Socialising online - necessity or the new normal?

Life under lockdown has changed the way we socialise…

It is no-longer safe to meet friends and family outside our own households. Events like gigs, concerts, theatre performances and cinema screenings have been cancelled or postponed. Similarly unsafe are exercise classes, park runs, coffee mornings, music lessons book clubs… the lockdown list goes on. But many of these activities have tried to go digital, providing what they can online, both in terms of content and of maintaining social contact for their users. An overview from a BBC technology correspondent gives various examples of digital socialising in lockdown.
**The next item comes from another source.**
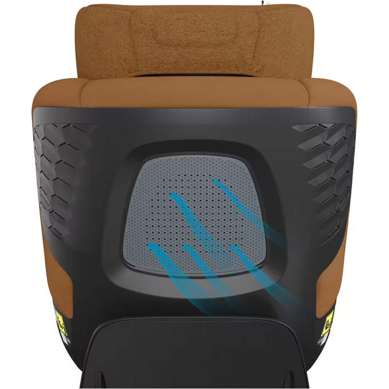 W foteliku zastosowano ulepszone i większe panele wentylacyjne ClimaFlow oraz oddychającą piankę, aby poprawić cyrkulację powietrza i zapewnić dziecku właściwą temperaturę.

So how is this working out?

Unsurprisingly, it’s a bit of a mixture. On the positive side, more people are using social media platforms to connect with friends and family, making use of streamed entertainment and using digital tools to connect with others – for example, platforms that enable people in different locations to watch a film together, to allow a virtual movie night.

More negatively, the shift online has highlighted the digital divide: the gap between those with reliable high speed internet provision and the technology to use digital tools effectively, and those without reliable technology and internet access. The closure of public libraries is a necessary safety precaution, to reduce the spread of the virus and to protect library staff and patrons, but this will have seen some library patrons lose their ability to get onto the internet.
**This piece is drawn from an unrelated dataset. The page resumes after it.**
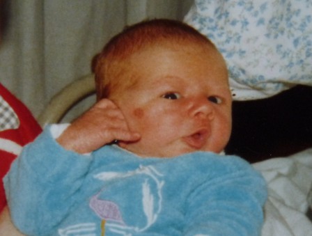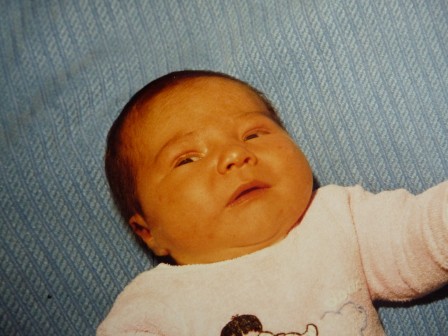 - Ma maman : elle est née avec 8 jours de retard. Ceci explique peut-être ses joues joufflues et ses 4.050 Kg. Elle avait également les oreilles pliées faute de place mais heureusement, elles ont bien repris leur forme.

Beyond the literal provision of online access, there is also the gap between those with digital skills and experience and those without. Those unfamiliar with digital tools may be almost as much excluded from the possibilities of socialising online as those with no internet at all. Although there is no direct correlation with age, proportionally more retired and older people lack these digital skills. While many have been able to seize the opportunity to learn during the current crisis, others are still struggling to engage online, as covered in this BBC article.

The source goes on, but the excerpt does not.